There is an easy system to track value metrics. Just follow these steps:

  1. Log every meeting and keep extensive notes. This might be the most tedious task, but this is where you can bring up history and show your story. If you don’t know when ideas were discussed, who presented them, and how they were presented, you can lose sight of a great opportunity to present value.
  2. Know the organization’s strategic plan. One of the most difficult things people do is relate to the macro strategy. If you know it, you will know how to present your value, and you will also be a guide to your business partners on how they can contextualize their value. Ideally, the value story can be shared without a territorial encroachment (meaning the business won’t feel like you are trying to steal the credit).
  3. Know the MBOs of your business partners. The root of “relationships” is “relate,” and relating starts with knowing what makes the other person tick. Knowing how they are measured is also significant. Connecting how they are measured with the overall organization’s strategy is the icing on the cake!
  4. Be friendly with the PMO. This might seem odd when considering the other parts of the system, but it is logical. The PMO tracks project performance metrics. A project that comes in faster because of an idea you had is an ROI value presentation idea, and you need to know how things turned out–and often, the home for that record is the PMO. Don’t hesitate to foster that relationship.
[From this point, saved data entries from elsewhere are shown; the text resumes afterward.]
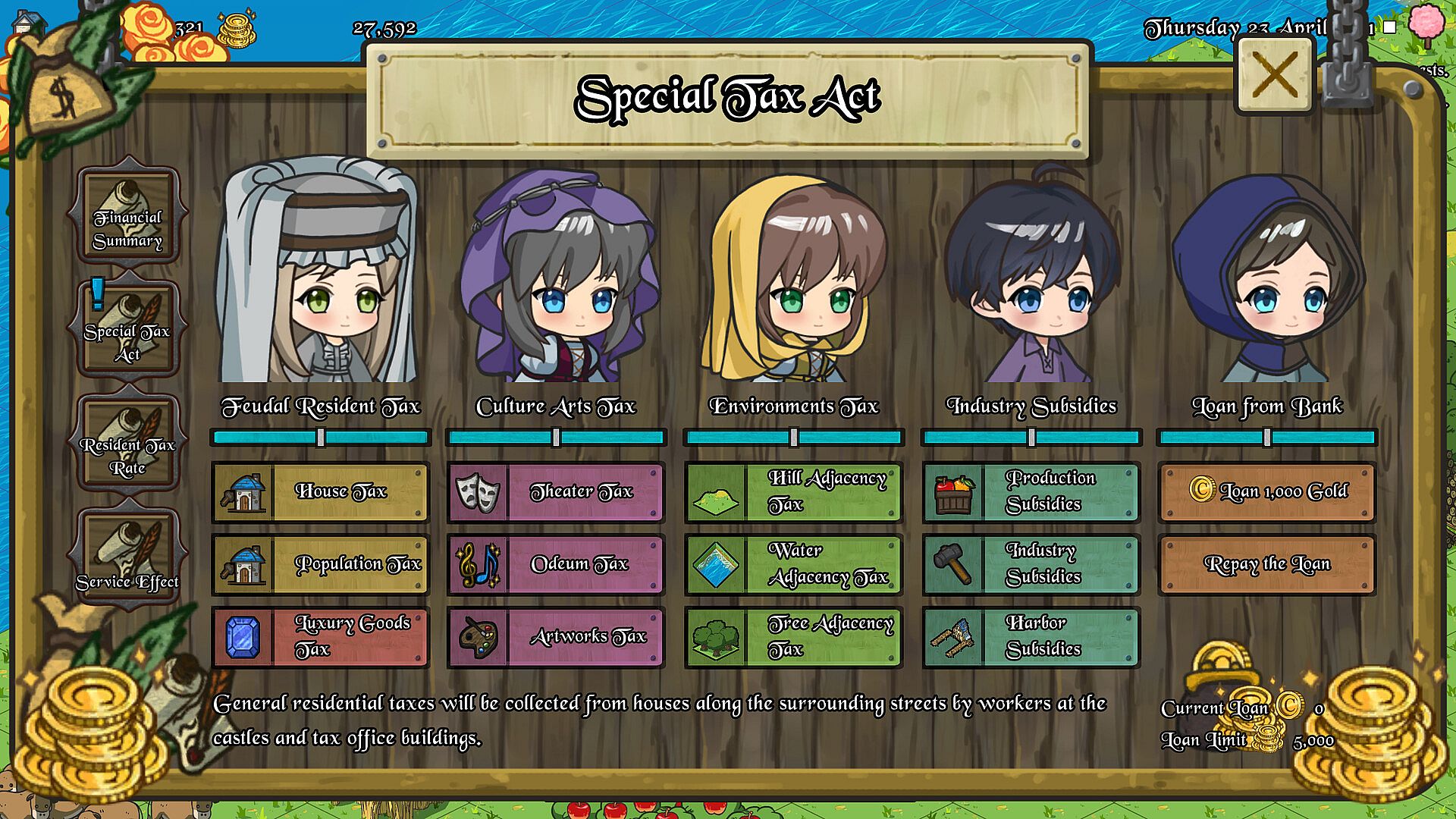 Beyond collecting taxes, you can accelerate operations in production, industrial, and port facilities by providing subsidies.
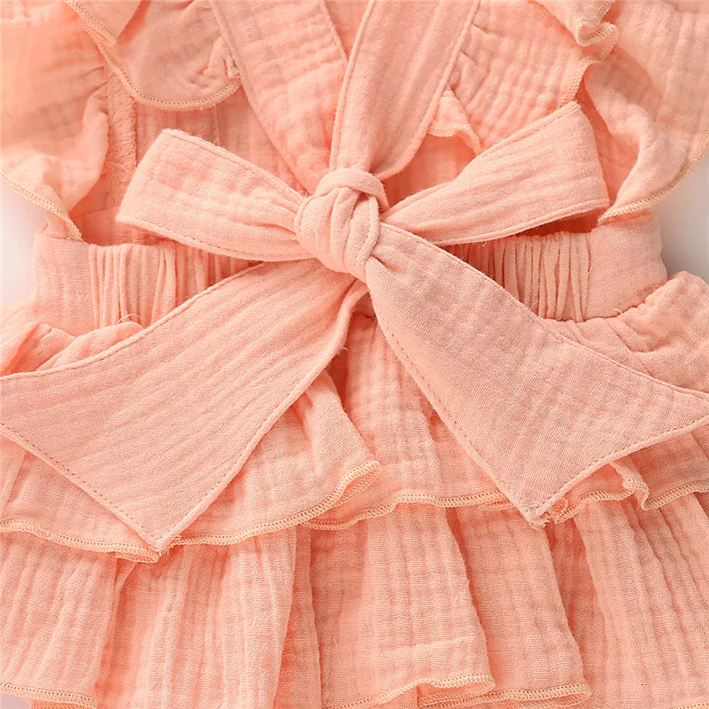 Wallarenear Горячая для новорожденных и малышей, для маленьких девочек одежда с оборками хлопок сплошной Цвет без рукавов, комбинезон, комбинезон, комплект одежды повседневный комплект для детей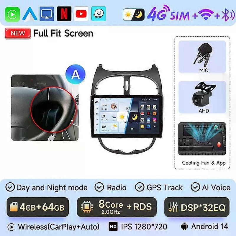Car Radio For Peugeot 206 206CC 206SW 2001 - 2008 wireless CarPlay Android 14 Auto car intelligent systems No 2 din 2din DVD
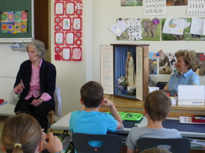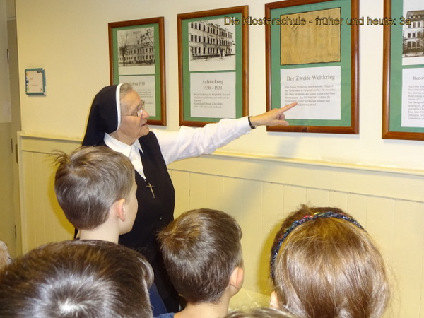 Schwester Thekla besuchte am 24.02.2016 die 3a. Sie erzählte den Schülerinnen und Schülern von der Ordensgründerin, der Schulstifterin und dem Leben früher hier im Kloste. Anschließend machten die Kinder mit Schwester Thekla einen Rundgang durchs Schulgebäude. Dabei erklärte sie den Kindern, wie das Haus früher ausgesehen hat. Anhand der Bilderwand konnten die Mädchen und Buben die Entwicklung der Klosterschule verfolgen. Viele interessante Fragen der Kinder beantwortete Schwester Thekla mit großer Freude! Die Schülerinnen und Schüler waren sehr eifrig und konzentriert bei der Sache.
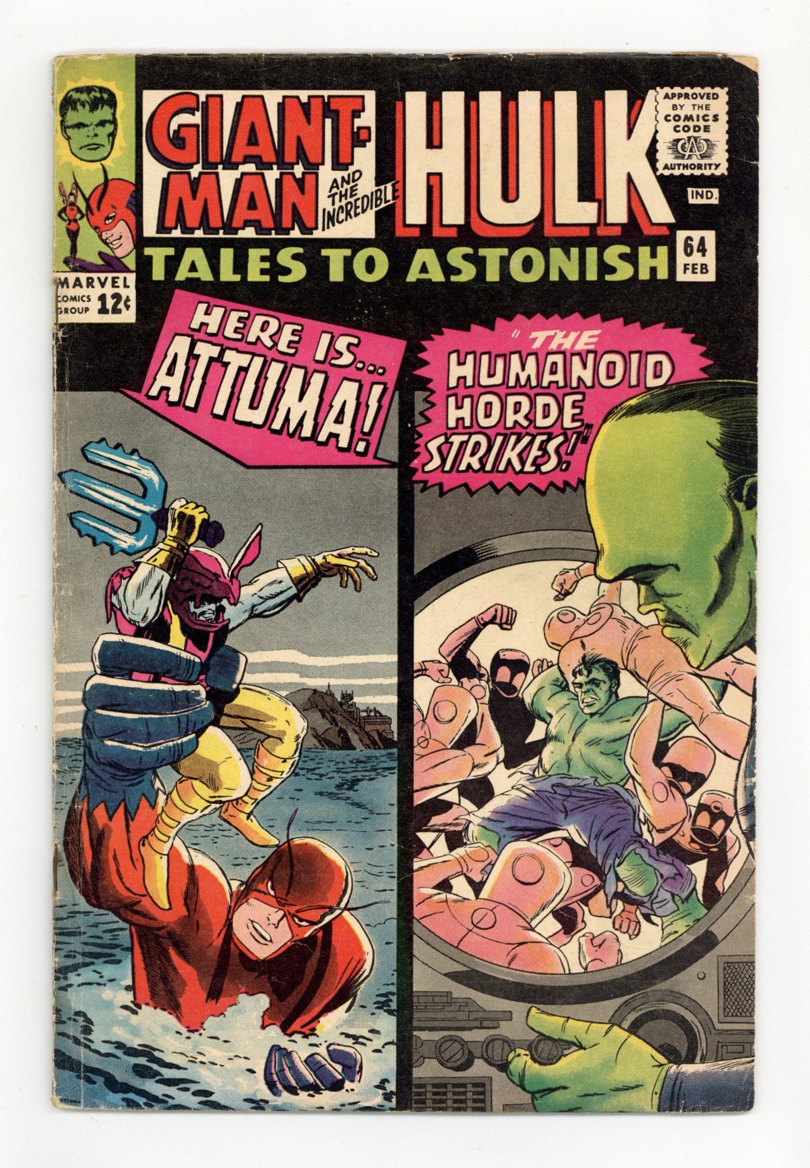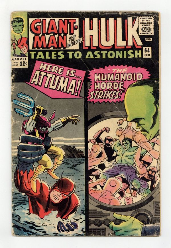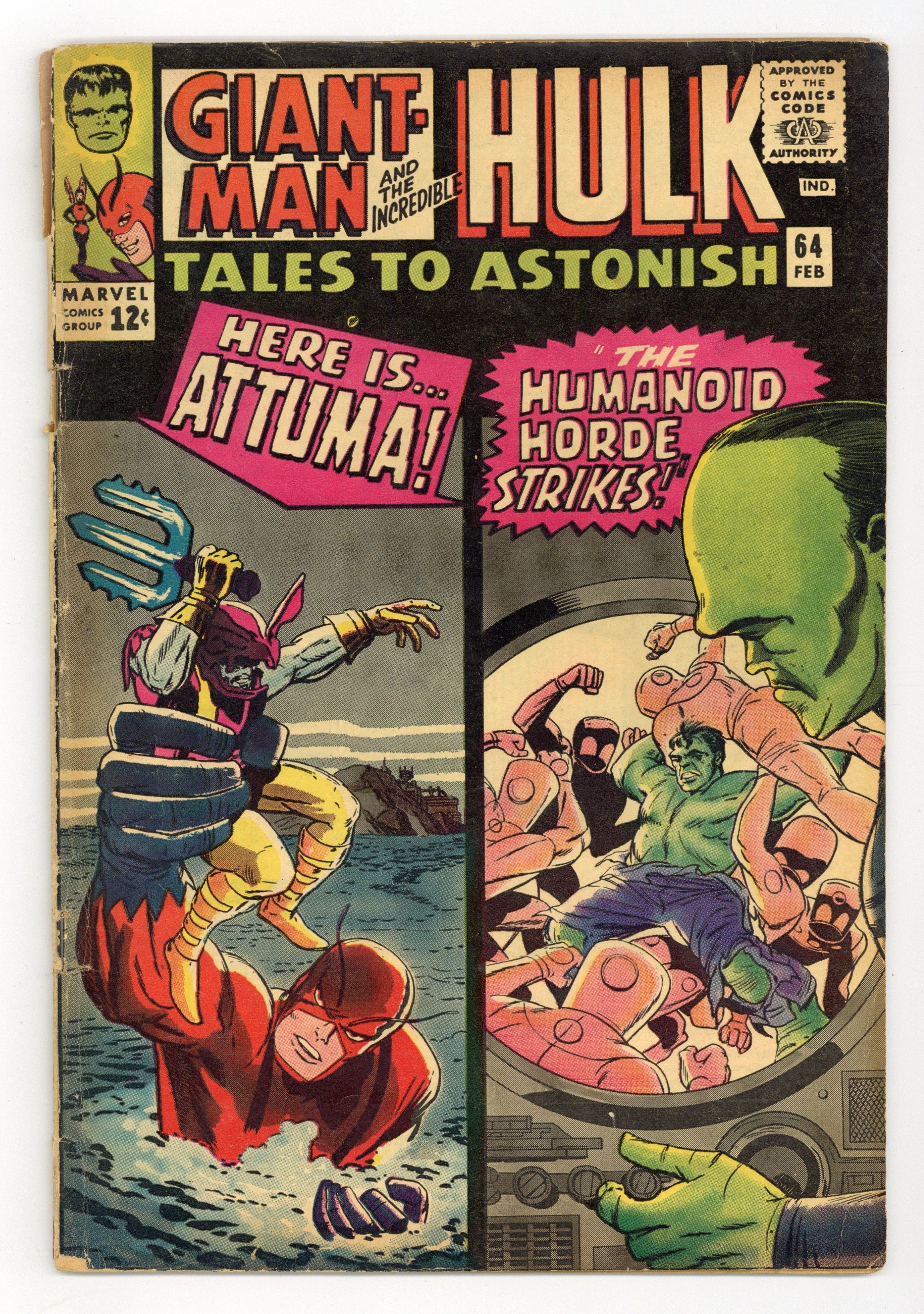 Cover by Jack Kirby and Dick Ayers. When Attuma Strikes!, script by Leon Lazarus, art by Carl Burgos and Paul Reinman; When Hank snaps at Jan for making a clumsy error during an experiment, she tearfully decides to get away from his abuse and take a trip; When her plane is captured in Attuma's latest bid for surface world conquest, a remorseful Giant-Man comes to the rescue. The Horde of Humanoids!, script by Stan Lee, art by Steve Ditko and George Roussos (as George Bell); Banner has been jailed as a traitor and is popping tranquilizers to keep himself from turning into the Hulk; Rick goes right to the commander in chief to tell the prez Banner's secret and to ask for his release; Much to Talbot's chagrin, the president orders Bruce's release and the two are sent to Astra Island to oversee testing of Banner's absorbatron which has the power to soak up a nuclear blast. 36 pgs., full color. $0.12. Cover price $0.12.
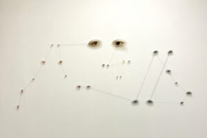 Alison Chen, is a visual artist working in video, performance, and photography. She is interested in the complex nature of our closest relationships. Through her work, she examines the complexities and confusions that surround intimacy, the dynamics of vulnerability, and the areas where our preconceived notions fall short. Her installation, A Map of Our Eyes explores the connections between multiple generations of women through snapshots from her family archive. Paging through albums, she surveyed the gazes of mothers and daughters captured in these images. Delicate thread strings together moments and builds relationships that span generations.

  5. Finally, try to present your value statements, along with a business value statement and a service department value statement. For example: “XYZ Corporation’s Printer Sales division increased sales by 20% through an online store implemented ahead of schedule by the IT department. This exceeded the business objectives for the Printer division by 9%. Additionally, the IT department exceeded expectations by delivering it two months ahead of schedule. The idea was presented as part of BRM Workshop #6 in December 2014.”

In the above, each of your partners can take a snippet and make it a win, so that when when you present your value, there is no fear of you keeping the spotlight on you–instead, you will be spotlighting it on “we.” Your ultimate value statement is “We did it!” when presenting it this way, and it is a surefire way to build relationships.